Kim Minseon, Oh Ilhwan, Ahn Jaegyoon
Department of Computer Science and Engineering, Incheon National University, Incheon 22012, Korea.
Genes (Basel). 2018 Oct 2;9(10):478. doi: 10.3390/genes9100478.
Accurate identification of prognostic biomarkers is an important yet challenging goal in bioinformatics. Many bioinformatics approaches have been proposed for this purpose, but there is still room for improvement. In this paper, we propose a novel machine learning-based method for more accurate identification of prognostic biomarker genes and use them for prediction of cancer prognosis. The proposed method specifies the candidate prognostic gene module by graph learning using the generative adversarial networks (GANs) model, and scores genes using a PageRank algorithm. We applied the proposed method to multiple-omics data that included copy number, gene expression, DNA methylation, and somatic mutation data for five cancer types. The proposed method showed better prediction accuracy than did existing methods. We identified many prognostic genes and their roles in their biological pathways. We also showed that the genes identified from different omics data were complementary, which led to improved accuracy in prediction using multi-omics data.
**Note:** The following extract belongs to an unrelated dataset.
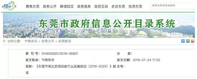 《東莞市再生資源回收行業發展規劃(2019-2025)》解讀 為構建科學合理的再生資源回收體系,促進再生資源回收提質升級,引導行業規范化、集約化、規模化發展,近日,東莞市再生資源回收管理工作領導小組辦公室印發了《東莞市再生資源回收行業發展規劃(2019-2025)》(東再資辦〔2019〕8號,以下簡稱《發展規劃》)。為了更好地理解和貫徹執行《發展規劃》,東莞市商務局對有關內容解讀如下: 一、關于《發展規劃》編制的背景及目的 2015年,商務部出臺《再生資源回收體系建設中長期規劃(2015-2020)》,以深化改革、轉變發展方式和發展綠色流通為主線,圍繞規范回收利用秩序,提高回收利用率,加強再生資源回收管理法律法規建設,推進再生資源回收管理體制改革和回收模式創新,提升再生資源回收行業規范化水平和規模化程度,推動構建多元化回收、集中分揀和拆解、安全儲存運輸和無害化處理的先進完整的回收體系,為再生資源回收行業提供了明確的發展目標、清晰的發展思路、完整的發展體系和有效制度保障。 當前,市委市政府把美麗東莞建設作為貫徹落實黨的十九大精神的重要舉措,通過城市升級引領經濟社會綜合轉型,提升城市品質內涵和中心城區首位度。為進一步貫徹落實國家關于再生資源回收工作的主要精神,根據市委市政府的具體工作部署,通過制定《發展規劃》,構建東莞特色再生資源回收體系,引導再生資源回收市場規范發展,完善行業監管機制,促進再生資源回收行業綠色轉型升級,助推“灣區都市、品質東莞”建設。 二、關于《發展規劃》主要內容 《發展規劃》共七章節,結構框架如下: (一)總則,主要包括規劃背景、規劃依據、規劃范圍與對象、規劃期限等內容。 (二)行業發展基礎,主要分析目前我市回收行業發展現狀及存在問題。 (三)行業發展趨勢,主要對行業未來發展預測及國內先進城市有關政策措施進行分析,梳理總結有益的借鑒經驗。 (四)規劃總體思路,明確規劃的指導思想、基本原則及發展目標。 (五)再生資源回收體系建設,主要從回收體系建設思路、網點構成及網點建設要求等方面闡述回收體系構建的主要內容及要點。 (六)主要任務,明確了規劃實施期間重點落實鎮(街道、園區)回收網點規劃編制、行業整治、監管機制健全、龍頭示范企業培育、交易管理平臺搭建、行業協會建設及“兩網”銜接試點工程探索等七大任務。 (七)實施保障,明確提出了組織保障、政策保障、信息保障、隊伍建設及宣傳推廣等五個措施,推進行業規劃貫徹實施。 三、關于《發展規劃》主要亮點 (一)明確行業規劃的對象范圍。該《發展規劃》的規劃對象涉及業態和業種兩方面:業態方面主要包括回收點、中轉站、分揀中心等從事再生資源回收經營活動的企業和個體工商戶等。業種方面主要為固體廢棄物,不包括氣體和液體,也不包括有毒有害固廢、醫療廢物、建筑垃圾和餐廚垃圾。重點包括廢舊日用品生活性再生資源的回收、生活垃圾中可回收部分以及生產性再生資源的回收,不包括再生資源的利用。 (二)明晰行業規劃的發展目標。通過7年努力,到2025年實現6項目標: 1、落實再生資源回收行業建設用地規劃; 2、按照布局要求,完成再生資源回收網點建設; 3、85%以上回收人員納入規范化管理; 4、主要再生資源回收率達85%以上; 5、回收服務覆蓋達100%; 6、引進或培育規范收集、安全儲運、環保分揀等回收綜合服務能力較強的再生資源回收龍頭示范企業。 (三)分類建立再生資源回收網絡體系。《發展規劃》明確提出針對再生資源產生源不同,分類建立再生資源回收體系:構建以回收點為基礎、中轉站為節點、分揀中心為樞紐的生活性再生資源回收網絡體系和以中轉站、分揀中心為核心,實現產廢、利廢有效銜接的生產性再生資源回收體系。同時,對于回收點、中轉站及分揀中心等回收網點,進一步明確功能定位、布局原則及面積要求,并強調回收網點在選址、建筑設施和回收經營等有關規定。 (四)明確提出七大重點任務。為實現總體發展目標要求,按照先易后難、分步實施工作思路,逐步推進七大主要任務:1、編制鎮(街道、園區)回收網點設置規劃;2、開展再生資源回收行業整治;3、健全行業長效監管機制;4、培育龍頭示范企業及推廣創新回收模式;5、拓展再生資源交易管理平臺;6、發揮行業協會引領作用;7、探索“兩網”銜接試點工程。

准确识别预后生物标志物是生物信息学中一个重要但具有挑战性的目标。为此已经提出了许多生物信息学方法,但仍有改进的空间。在本文中,我们提出了一种基于机器学习的新方法,用于更准确地识别预后生物标志物基因,并将其用于预测癌症预后。所提出的方法通过使用生成对抗网络(GANs)模型的图学习来指定候选预后基因模块,并使用PageRank算法对基因进行评分。我们将所提出的方法应用于多种组学数据,这些数据包括五种癌症类型的拷贝数、基因表达、DNA甲基化和体细胞突变数据。所提出的方法显示出比现有方法更好的预测准确性。我们识别出了许多预后基因及其在生物途径中的作用。我们还表明,从不同组学数据中识别出的基因具有互补性,这导致使用多组学数据进行预测时准确性提高。